D'you think the Guild Lobby might be letting in the damp a little?

And just what does this little stroll down memory lane have to do with guilds, eh? Hush, I'm coming to that. It's my contention that this fractured introduction to online gaming, sliding in sideways from a shared-but-separate offline experience, strongly informed my original attitude and formed the foundations of an approach to gameplay that has persisted ever since.

From the beginning I always felt I was playing alongside other players rather than with them, yet the difference their presence made was immense. It was immediately apparent that inhabiting your own character in a fantasy world was flat-out more convincing when all around were other characters similarly inhabited by humans. It was the difference between listening to music alone at home and seeing a band play in a hot, sweaty club.

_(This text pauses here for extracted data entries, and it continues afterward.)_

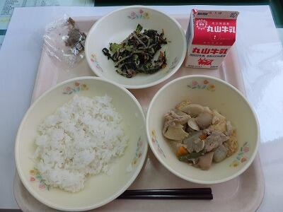 麦ご飯・ちりめん佃煮・野菜の味噌煮・小松菜の磯和え・牛乳
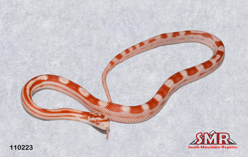 This 12" 2023 female Amel is currently eating frozen/thawed small pinky mice. She satisfies the color theme of Candy Cane and the pattern scheme of either Stripe or Motley, but I'm leaning toward Stripe--since all of her siblings were striped (no motleys)? Yes, her dorsal stripe is narrow, but the shapes of the red markings are more like those of Striped mutants than Motley??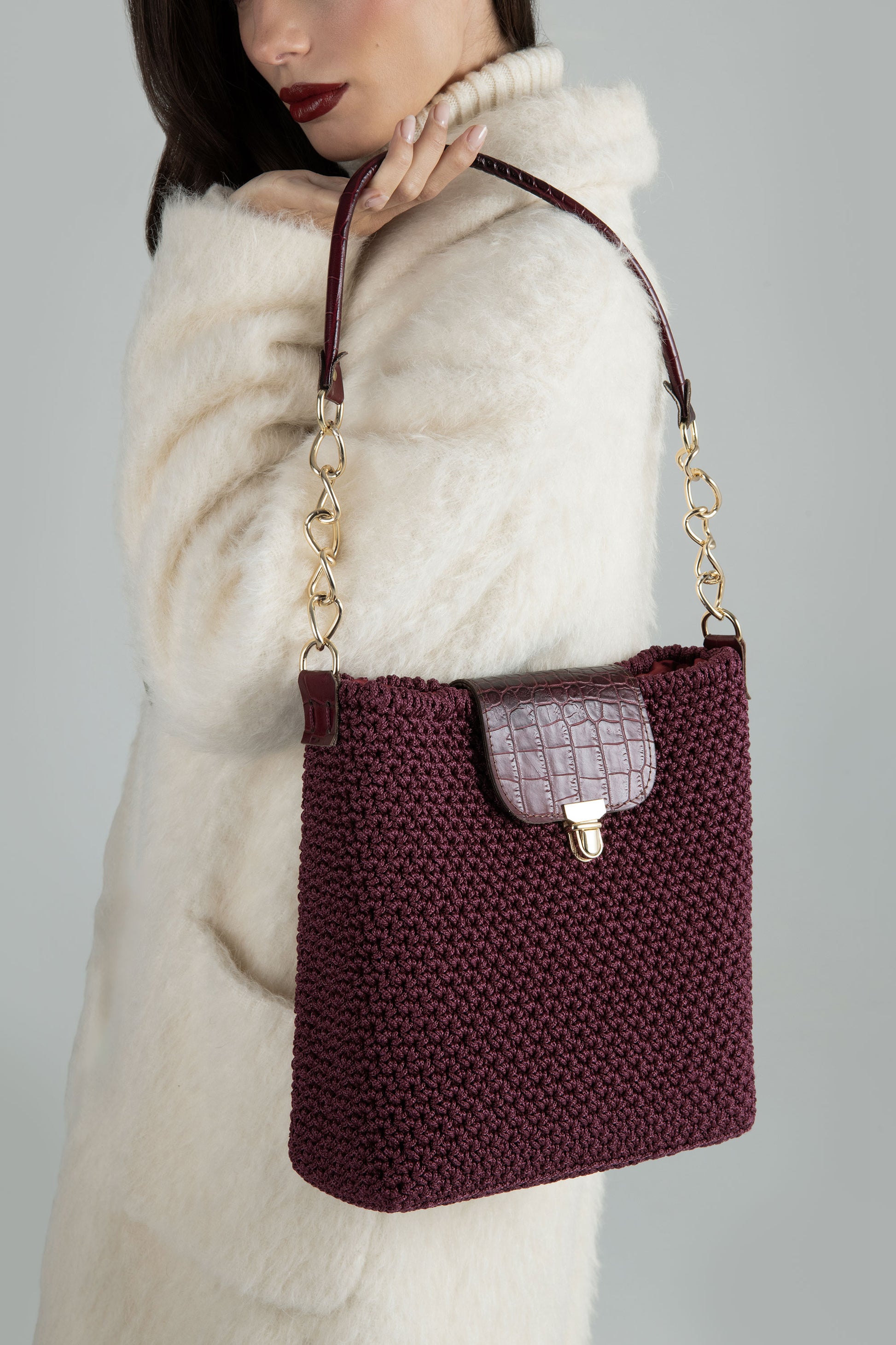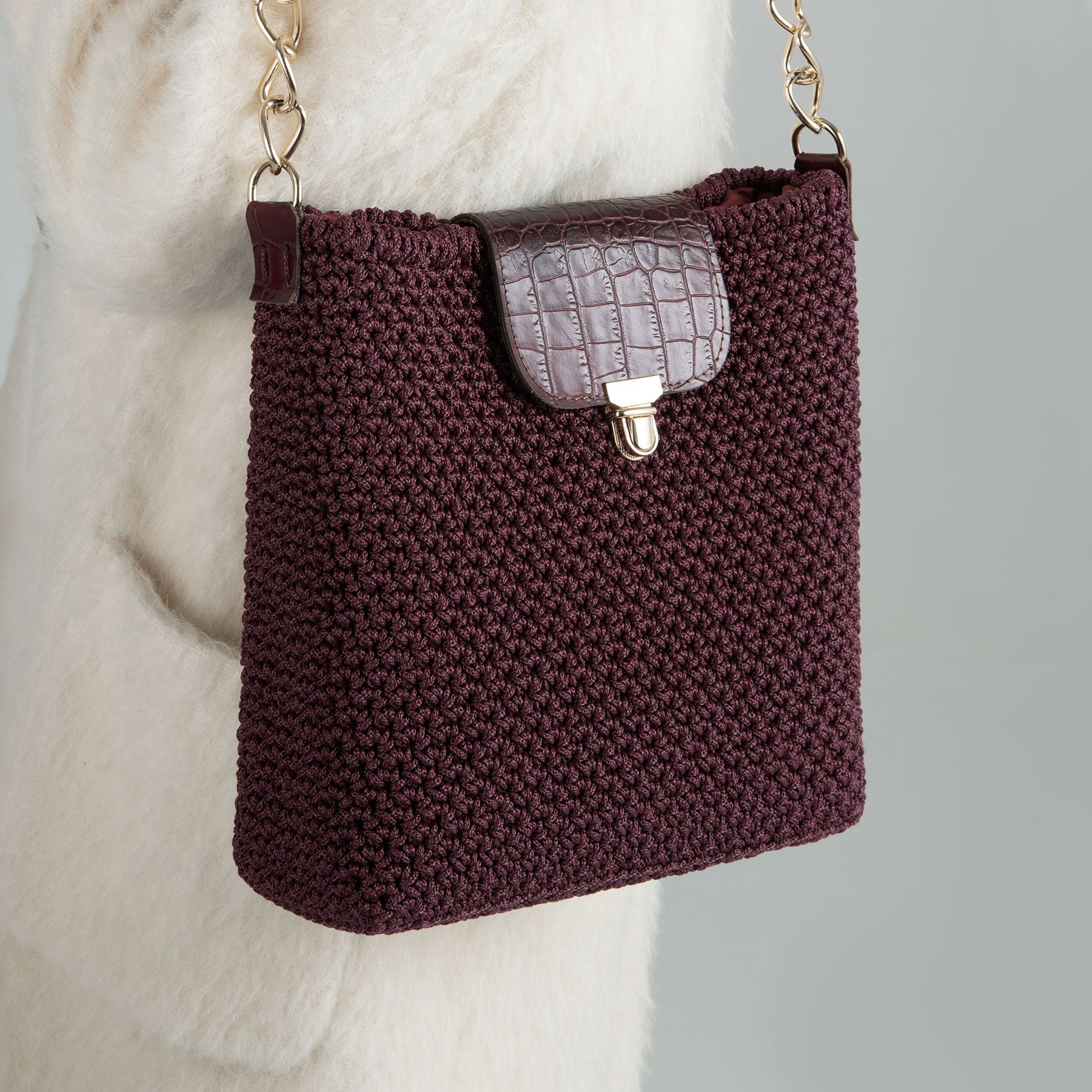 Una Tote Bag all'uncinetto con patellina centrale e monomanico in pelle è un accessorio pratico e stiloso che combina la leggerezza del crochet con la resistenza della pelle. Il corpo della borsa è realizzato completamente all'uncinetto, spesso con una trama fitta e regolare che conferisce robustezza e una texture morbida al tatto.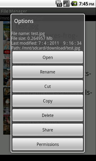 Simple, easy and powerful file managerEasy and powerful file manager to keep your files in order.Features: Rename Cut file and folder Copy file and folder Delete file and folder Share files via dropbox, email etc Permissions readable and writable open filessupports jpg, jpeg, png, gif Build in picture viewer txt, java, conf, xml, cfg, fstab,sh, gz, bks, zip, rc, prop, so, axf Build in text viewer3gp mp4, avi open default video viewerapk installs fileKeywords: file, files, browser, filebrowser, filemanager,explorer, fileexplorer, share, delete, copy, cut, rename, viewer, fileviewer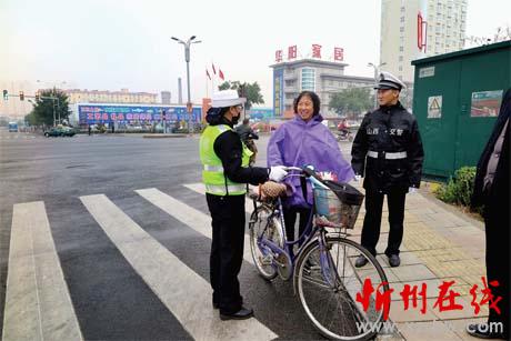 圖三:10 月15 日,交警在長征街與建設(shè)路十字路口教育違規(guī)行人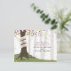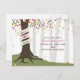 Ett vykort från bröllop spara datum med en illustration av träd i skogen. Träd har löv för orange, rosa, lila, gult och grönt, exponerade rötter och en bräddel med banner som kan anpassas med brud & grooms namn.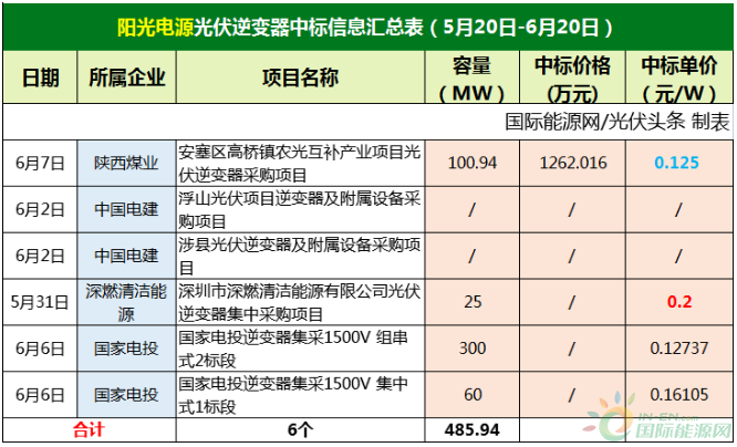5月下旬以來,陽光電源中標(biāo)中國電建、國家電投、陜西煤業(yè)、深燃清潔能源等企業(yè)6個項目(標(biāo)段),確定中標(biāo)容量485.94MW。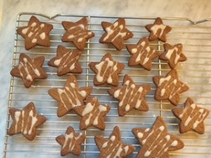 3. When ready to bake, place a rack in the center of the oven and preheat the oven to 375 degrees F. Lightly flour a work surface and remove the dough from the refrigerator. Scrape about half of the dough onto the work surface. Lightly flour a rolling pin, and firmly tap the dough with the rolling pin until it is about 1-inch thick. Roll out the dough to about 1/4-inch thickness, lightly rolling from the center out to the edges and flipping the dough over every so often so that it does not stick to the work surface. Dust the dough and surface with flour as needed. Cut the dough with star cutters (or the cookie cutter of your choice), pressing firmly down on one stroke. With the help of a metal spatula, transfer the cut-outs to ungreased cookie sheets, placing the cookies about an inch apart. Place the pans in the oven. Keep the remaining dough chilled, press the scraps into a loose ball, and roll the scraps and rest of the dough and cut into shapes.
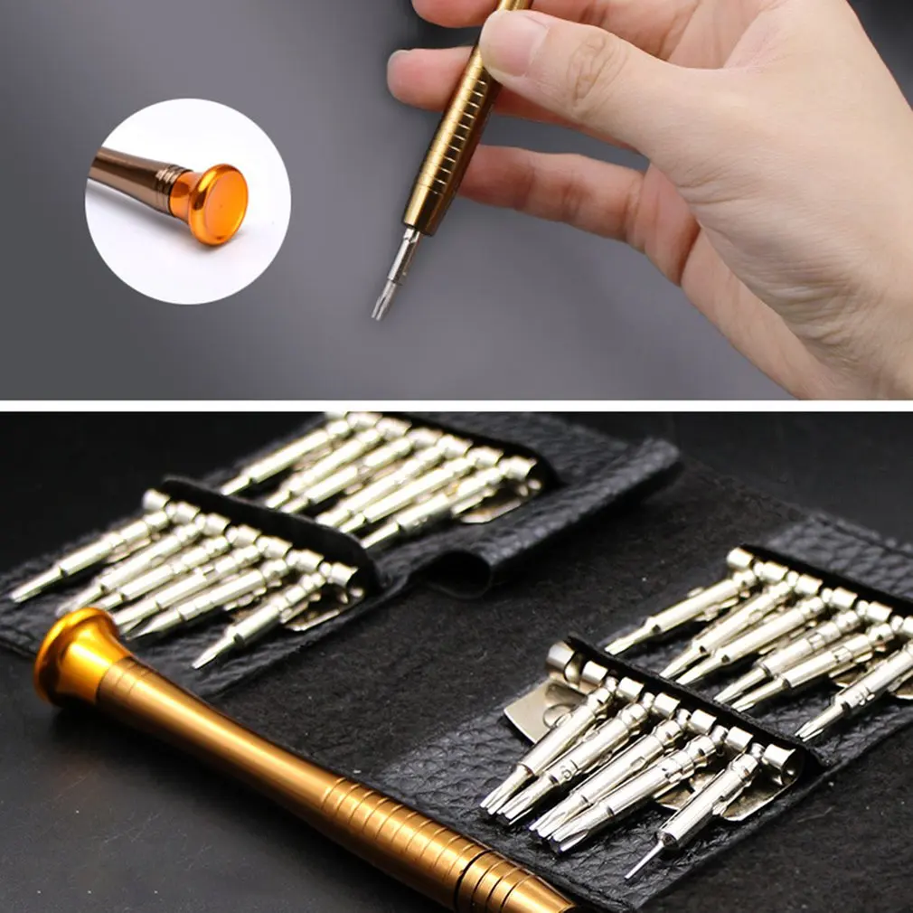 Особенности: 1. Эти отвертки разных размеров поставляются в удобном кожаном бумажнике чехол, светильник и портативный, внутренний тип головки партии фиксируется, не легко разбрызгивается. 2. Каждый бит отвертки идеально подходит к ручке и может быть легко изменен от одного к другому, поэтому Переключение с разных винтов или проектов-это ветерок. 3. Полный набор из 24 головок, может быть адаптирован для работы во многих различных областях. Подходит для большинства цифровых продуктов, различных типов компьютеров, мобильный телефон, камера, очки, часы, ключи от автомобиля, iPad, планшет, ПК ноутбук, Радиоуправляемый Дрон и т. Д. 4. Высокоточная отвертка изготовлена из высококачественной стали (хром-ванадиевая сталь) специальной термообработкой, твердость может достигать HRC52-60. 5. Ручка изготовлена из сплава материала производителя, хвост принимает точность конструкции подшипника, гибкий и простой в использовании. Описание: 1. Профессиональный и полезный инструмент. Характеристики: Материал: сталь Цвет: серебристый Тип: с магнитом, с магнитом (опционально) Количество: 25 шт. Шаг для использования: 1. Выберите партийную головку, которую вам нужно использовать, поверните на 180 градусов и вытяните 2. Отвинтите крышку ручки 3. Положите головку партии в ручку 4. Завинтите крышку ручки Посылка включает в себя: 10 x"✡"(Звездочные шестигранные отвертки) (T2/T3/T4/T5/T6/T7/T8/T9/T10/T15) 5 x "+" (крестообразные отвертки) (1,0/1,2/1,5/2,0/3,0) 4 x "-" (отвертки с плоским лезвием) (1,0/1,5/2,0/3,0) 2 x"★"(Пятиугольная отвертка) (0,8/1,2) 1 x "Y" (отвертка y-типа) (2,0) 1 x "Screwdriver" (треугольная отвертка) (2,3) 1 x "⊙" (точечная отвертка) (0,8) 1 отвертка 1 х Черная сумка

Back in the day I saw a lot of bands play in a lot of hot sweaty clubs but I never found myself buddying up with strangers, swapping phone numbers and going to a whole string of gigs with them. The audience was essential for atmosphere but the music was the focus. That's very much how I felt about players playing around me: great for ambience and atmosphere but essentially background not content.

So for a long time I didn't just not join a guild, I didn't think about joining one. Mrs Bhagpuss, however. did. She may dispute this but I remember her as a serial guild-joiner almost from the start and it was through her that I became dimly, then acutely aware of the intricacies and vicissitudes of guild life.

And, comrades, consider this magnificent Peoples' Caravan, available for guild meetings.
Can your so-called Secret Societies offer you such?
As time wore on and MMOs came and went, many guilds were joined, were left, fell apart. Sometimes I followed Mrs Bhagpuss into guilds, sometimes I accepted guild invites that came up during a particularly enjoyable PUG. By late 2001 we'd even had a bash at forming a guild of our own (actually the offshoot of someone else's guild that we offered to run on another server).

The peak of my guild activity took place through the high summer of Everquest, from 2002 to 2004. That was the time when much of what we did revolved either around the activities of a single guild or a custom chat-channel that operated as a cross-guild clearing house for adventure. Those were the days when I grouped more than I soloed. Sometimes I even raided, although what we called "raiding" then was more akin to battling The Shatterer or Claw of Jormag than the baroque formality of a modern raid.

Guild-centered gameplay continued when we moved to EQ2 but the dour, attritional pre-Hartsman tenor of that game sucked the energy and heart from everyone around. Within a month or two guildmates were dropping like clumps of fur from a mangy spaniel.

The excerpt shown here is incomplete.